As people were preparing for Christmas I was preparing to get back into training again. Oh my goodness, my former fitness had gone quickly, this was going to be tough. With Steve on my team I knew I had the right support to make it happen. Let’s do this.

Following several months of hard work, hills & mountains later, I finally stood at the start line, this was actually happening.
Standing in the valley of Llanberis, time had come to take the plunge, literally. Enter the cold spin of a washing machine. Swim was cold but the water was beautifully clear. Hands & feet everywhere and suddenly it was over. T1 went great and straight onto the bike and the climb, 10km to the turnaround point. I took time to enjoy this bit. The view of the valley and mountains were unbelievable and the atmosphere was really friendly. As I bantered my way up I kind of forgot the race part of this day. Big grin riding up and unfortunately a grimace descending. Not got used to this yet, it was scary.
Finally back into T2 and our support crew were loud and cheering, pressure was on! Stuff off, the trainers made it on, out on the run. As I headed to the hills a guy fell over right in front of me through the fields, I helped him up and we did the run together and we got each other up and down that run. I’ve never used hands during a run in a triathlon before, some parts were so steep, still, it was great. It may have been a race by name but it was joy by nature. Another big grin and day 1 was over.. I was left wanting more. Less than 24 hours later I knew my wish would come true. Double up and my first standard distance was waiting for me but it was not going to be anything standard about it!

Woke up with a strange feeling of calm, nerves were gone. As my friend, Jane, rightly said.. no need to be nervous as your race have already begun.

Back to the start line and day 2. Transition was now rammed and buzzing. Rain was coming down and I was ready for the swim. Goggles on and this day is about to get busy. And we were off again on a longer swim this time. I lost my head a bit towards the end of that swim, maybe the cold, maybe my awful sighting skills? My breathing was a little all over the shop but soon I saw the exit buoys… yay! Up and out and the support crew were loud and cheering. Swim done, yay!

Now back on that climb from the day before, race face came on and I got up that climb much stronger and faster than previous. The rolling hills, scenery and road was just amazing following that first climb. My fears of descending were gone and I pedalled hard down the hills and up them until we all grind to an unexpected and brutal halt. Lots of riders in the road, stopped due to a road accident. This was like a coffee stop now but with no coffee, we ate & drank. I had to keep moving to stay warm as I was quickly cooling down in the wind, few minutes later and we were setting off again on a massive group ride, some serious drafting was inevitable. About 15min later normal order had resumed and the race was back on.

2 hours it took to do the bike leg but it felt like an hour, I would happily have done that loop again!!!
T2 and onto the run. Sun was coming out. It took me around 5min to find my legs.

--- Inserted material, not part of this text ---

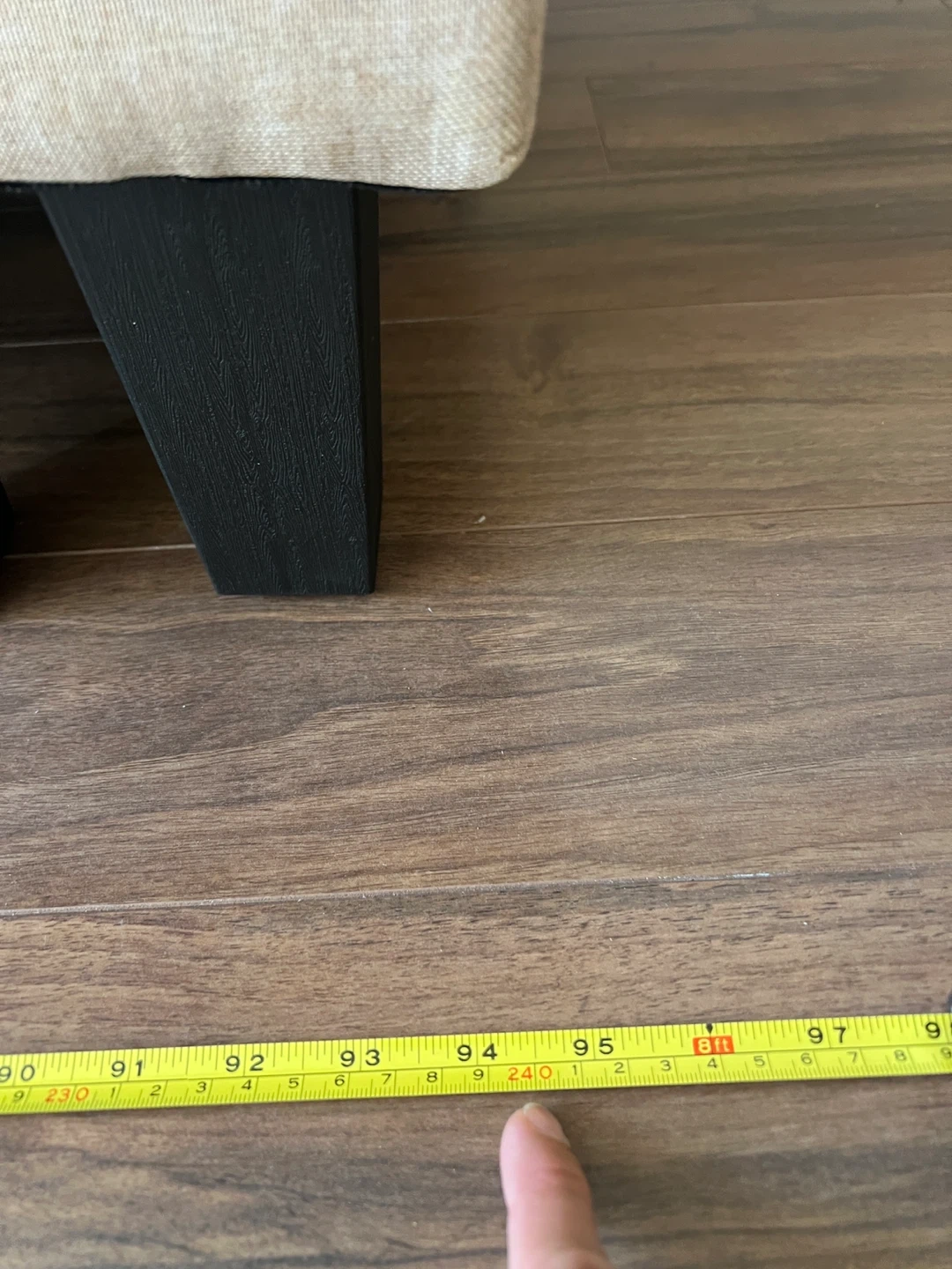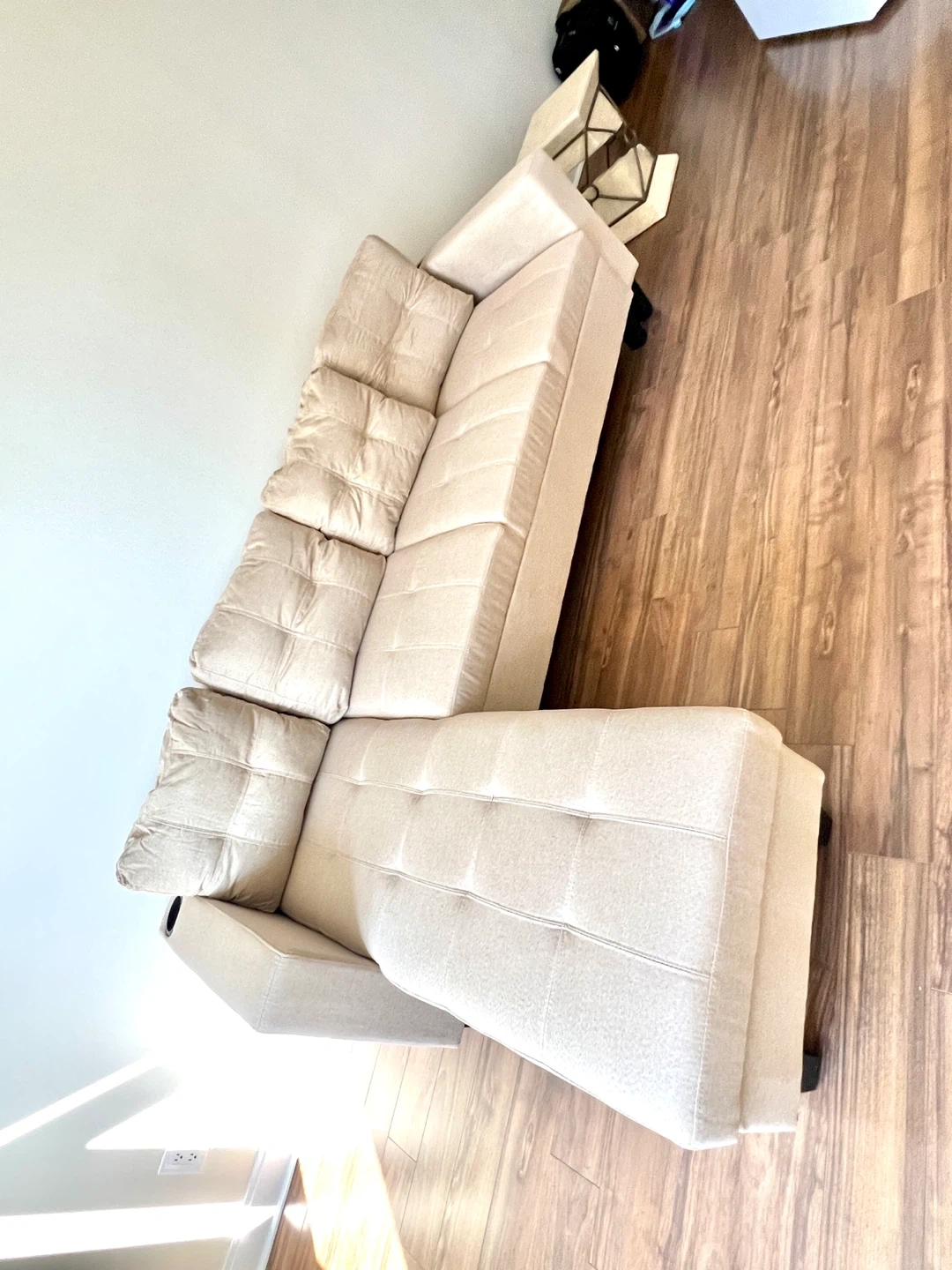 This New beige sectional 4 seaters sofa features a tufted design and includes a chaise. Its fabric is a durable polyester blend. It's comfy and spacious for any living room!

I knew it was 3km to the slate mine and up the zig zags so I let my feet fall to an easier pace waiting for the climb to start, and boom, there it was, like a monster staring down at its victims. This was not going to be easy. I was running behind an athlete with a Welsh Ironman tattoo, he looked strong and as soon as he started to walk I took that as my cue to do the same. Ironman John and another chap called Ben became my zig zag friends and we helped each other up to the top. The place is like no other, think Lord of the rings or any other fantasy story setting. Unreal!!! Quick selfie and the race was back on. Ben had quicker legs and I tagged on. This was the last part of the race, let’s have it. Skipped and jumped through woods and paths and back up again through vegetation and gorgeous landscape. Made up good time and I could hear the finish line tannoy getting closer. At the last turn to the final descent I couldn’t help but to let out a scream of joy. Last 5 min to go… I was in touching distance of finishing this. I gave everything I had as I pushed it to the end. That’s it.. Savage done!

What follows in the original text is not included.